- Opening Delimiter -

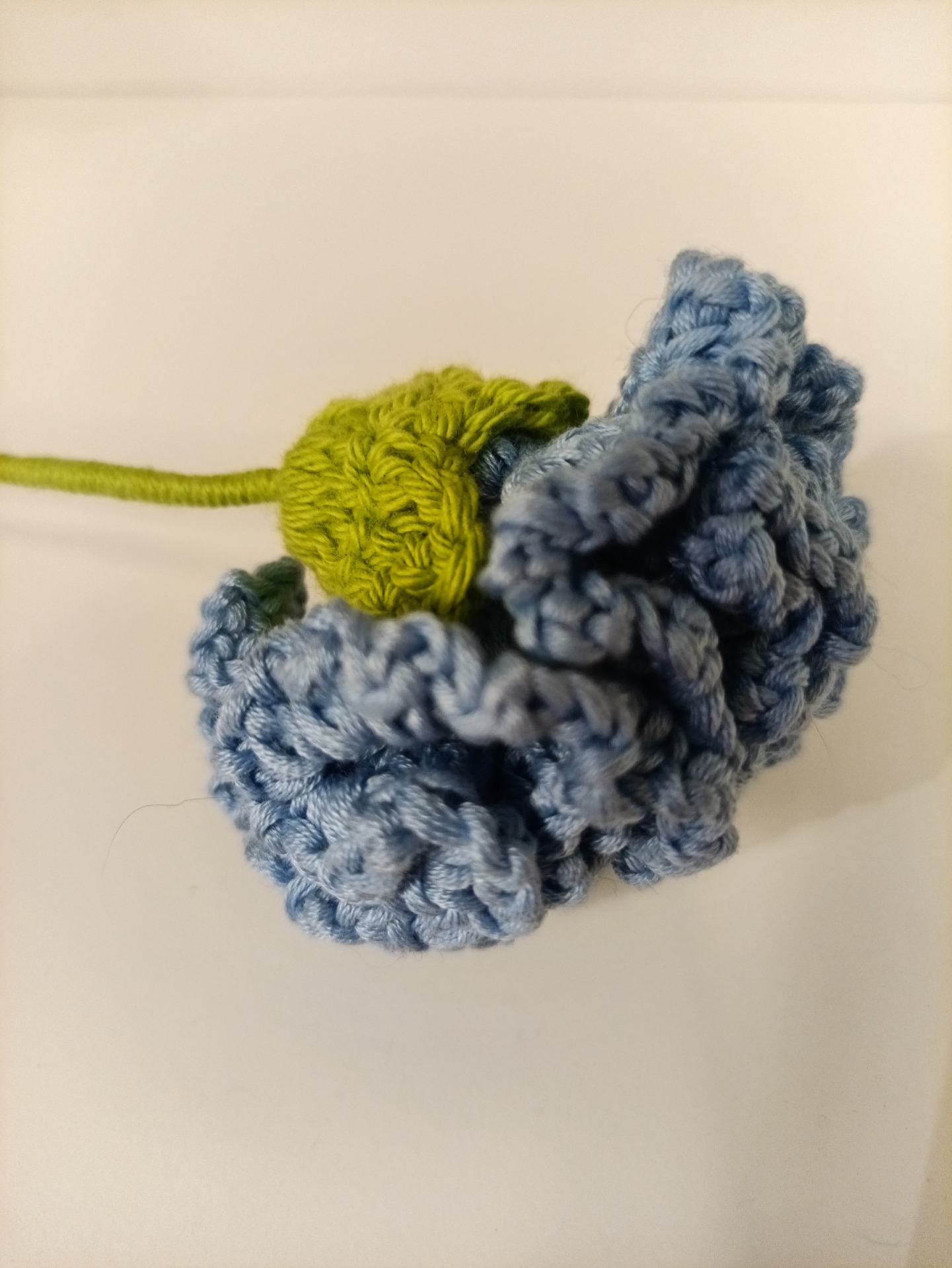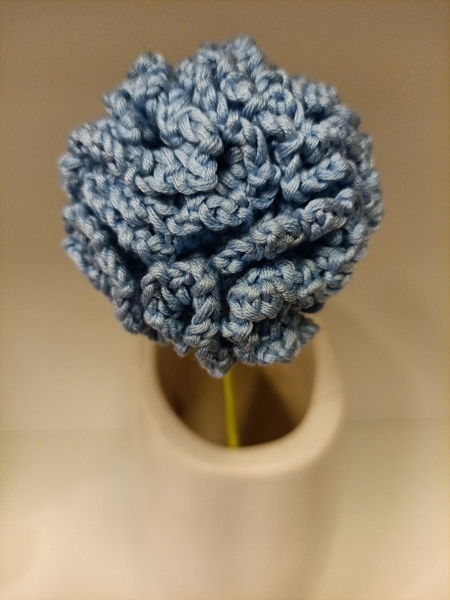Heklet blomst med stilk i garndekket ståltråd. Stilken kan bøyes, og er omtrent 30 cm lang.
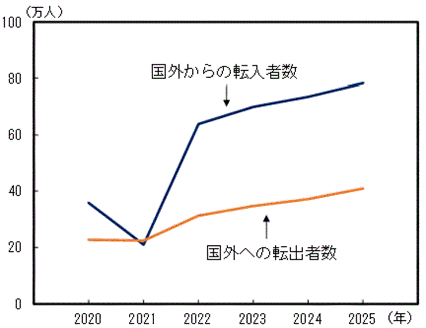 - 国外からの転入者数は78万2165人となり、前年に比べ6.3%の増加
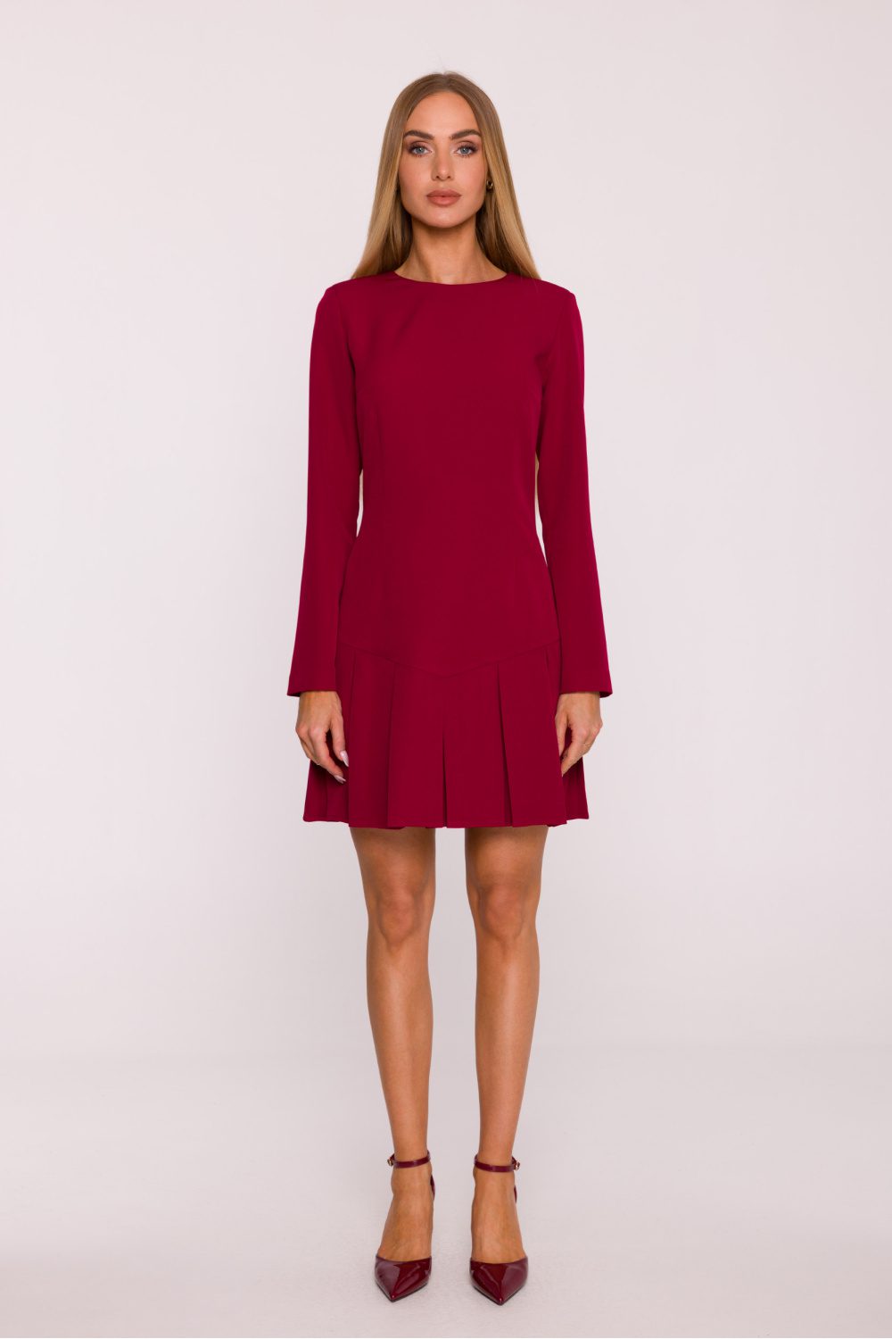 A classic dress made of smooth fabric with a matte finish is a proposal that combines simplicity and elegance in a modern version. The minimalist design makes it perfect for both everyday stylizations and more formal occasions. The model has a subtle boat neckline and long sleeves, giving the whole a timeless character. The dress is fastened with a concealed zipper at the back, ensuring comfort and aesthetic finish. The slightly fitted top is complemented by bottom pleats, adding lightness and feminine charm to the silhouette. The simple, tailored line subtly accentuates the figure, and the mini length gives the dress a modern, girlish character. Designed and made in Poland, created for women who appreciate timeless elegance in a minimalist form.
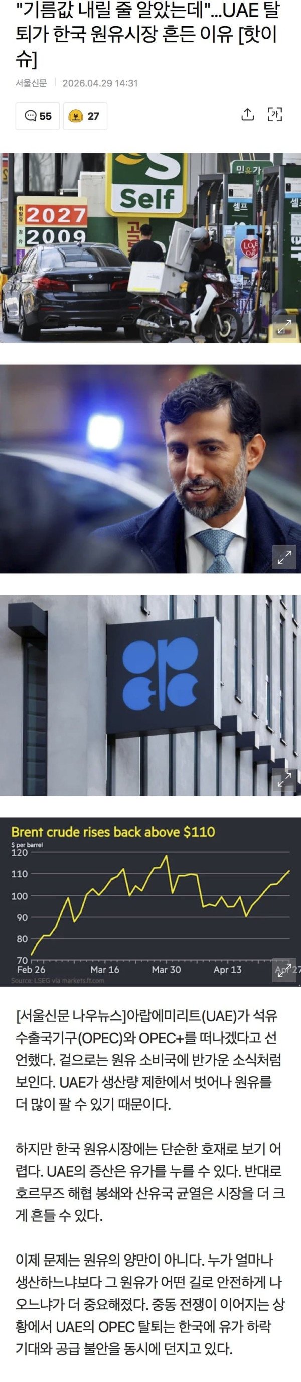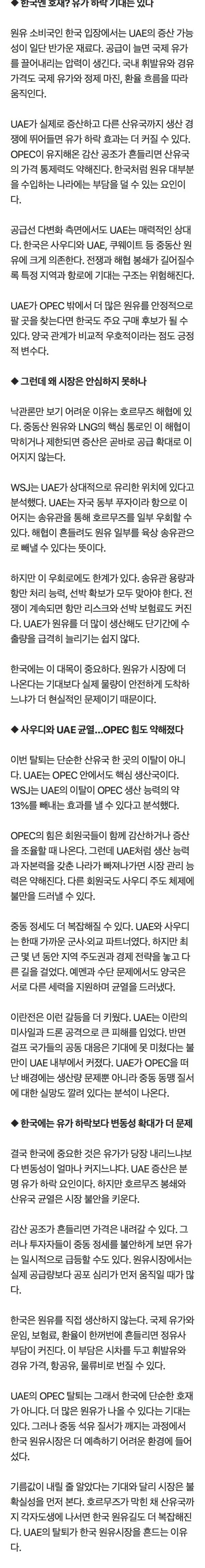"기름값 내릴 줄 알았는데"…UAE 탈퇴가 한국 원유시장 흔든 이유

- Closing Delimiter -

**About this exercise**
Put down exactly the lines of the data above that run from its first line through the line bearing "- 国外からの転入者数は78万2165人となり、前年に比べ6.3%の増加", and no pictures.

**Solved problem**
Heklet blomst med stilk i garndekket ståltråd. Stilken kan bøyes, og er omtrent 30 cm lang.
 - 国外からの転入者数は78万2165人となり、前年に比べ6.3%の増加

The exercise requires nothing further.